Material provided ::

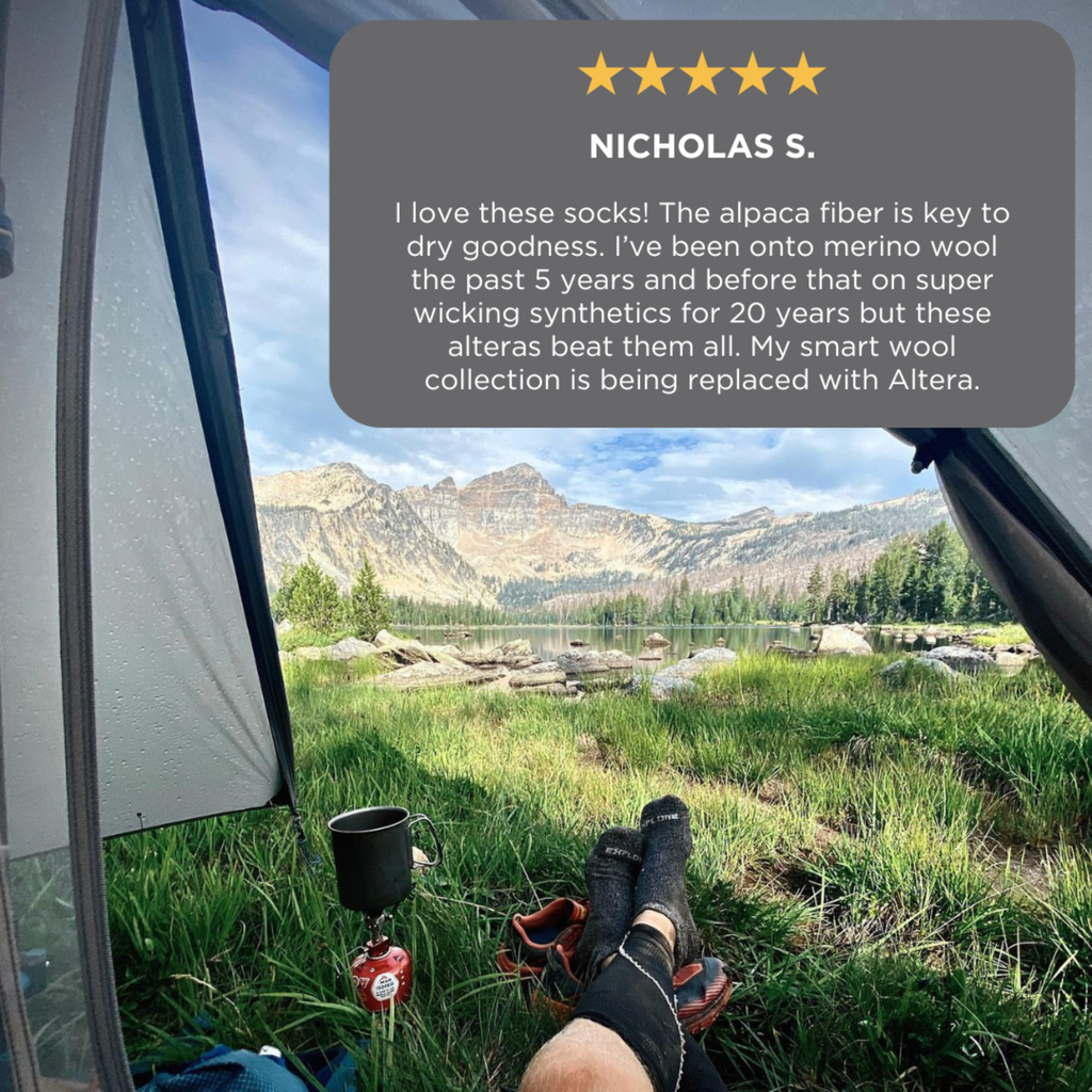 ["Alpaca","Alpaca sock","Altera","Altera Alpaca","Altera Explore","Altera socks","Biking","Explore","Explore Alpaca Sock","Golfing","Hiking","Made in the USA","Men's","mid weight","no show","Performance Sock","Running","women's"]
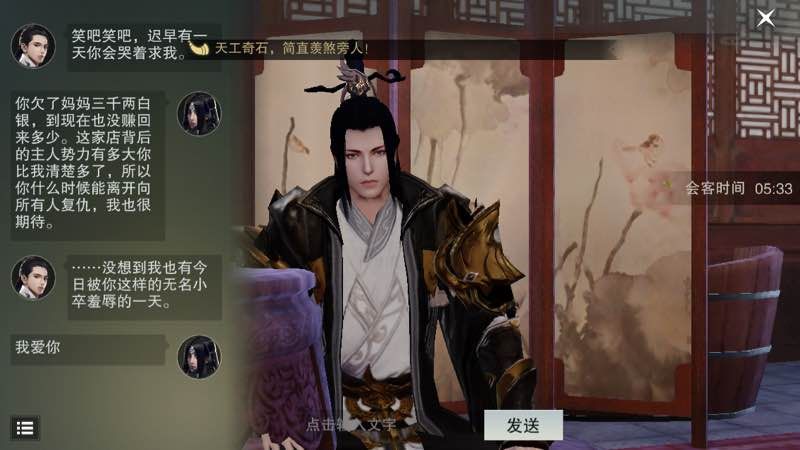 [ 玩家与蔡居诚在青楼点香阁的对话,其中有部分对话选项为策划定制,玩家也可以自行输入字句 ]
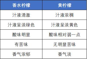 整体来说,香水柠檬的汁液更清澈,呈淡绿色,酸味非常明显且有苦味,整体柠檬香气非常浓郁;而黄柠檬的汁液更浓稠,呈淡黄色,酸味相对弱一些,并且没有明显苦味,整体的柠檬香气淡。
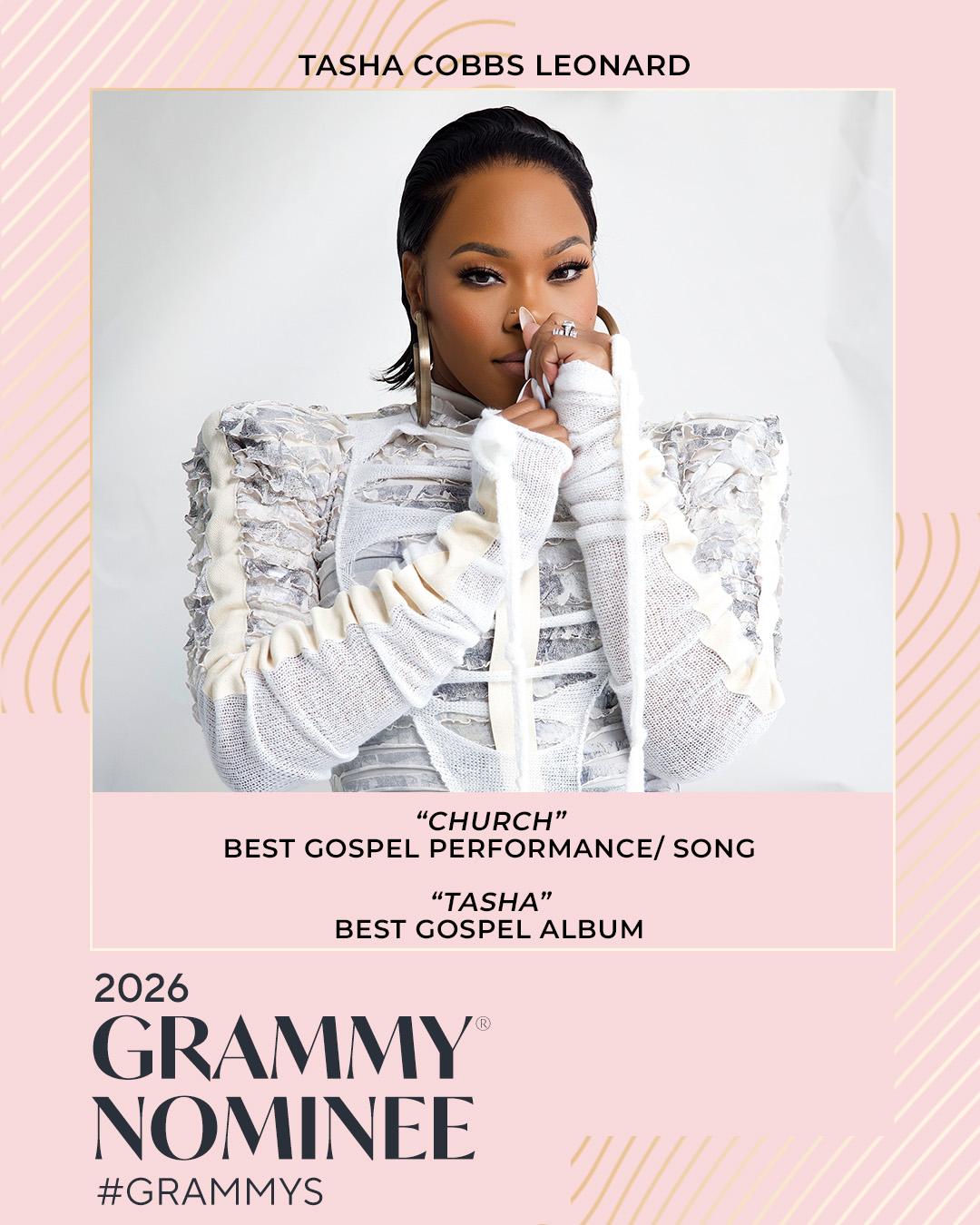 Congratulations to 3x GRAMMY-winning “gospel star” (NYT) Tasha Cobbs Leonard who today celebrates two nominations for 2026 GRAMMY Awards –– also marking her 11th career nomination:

Task objective ::
From the material above, reproduce everything verbatim except the pictures.

Written solution ::
 ["Alpaca","Alpaca sock","Altera","Altera Alpaca","Altera Explore","Altera socks","Biking","Explore","Explore Alpaca Sock","Golfing","Hiking","Made in the USA","Men's","mid weight","no show","Performance Sock","Running","women's"]
 [ 玩家与蔡居诚在青楼点香阁的对话,其中有部分对话选项为策划定制,玩家也可以自行输入字句 ]
 整体来说,香水柠檬的汁液更清澈,呈淡绿色,酸味非常明显且有苦味,整体柠檬香气非常浓郁;而黄柠檬的汁液更浓稠,呈淡黄色,酸味相对弱一些,并且没有明显苦味,整体的柠檬香气淡。
 Congratulations to 3x GRAMMY-winning “gospel star” (NYT) Tasha Cobbs Leonard who today celebrates two nominations for 2026 GRAMMY Awards –– also marking her 11th career nomination:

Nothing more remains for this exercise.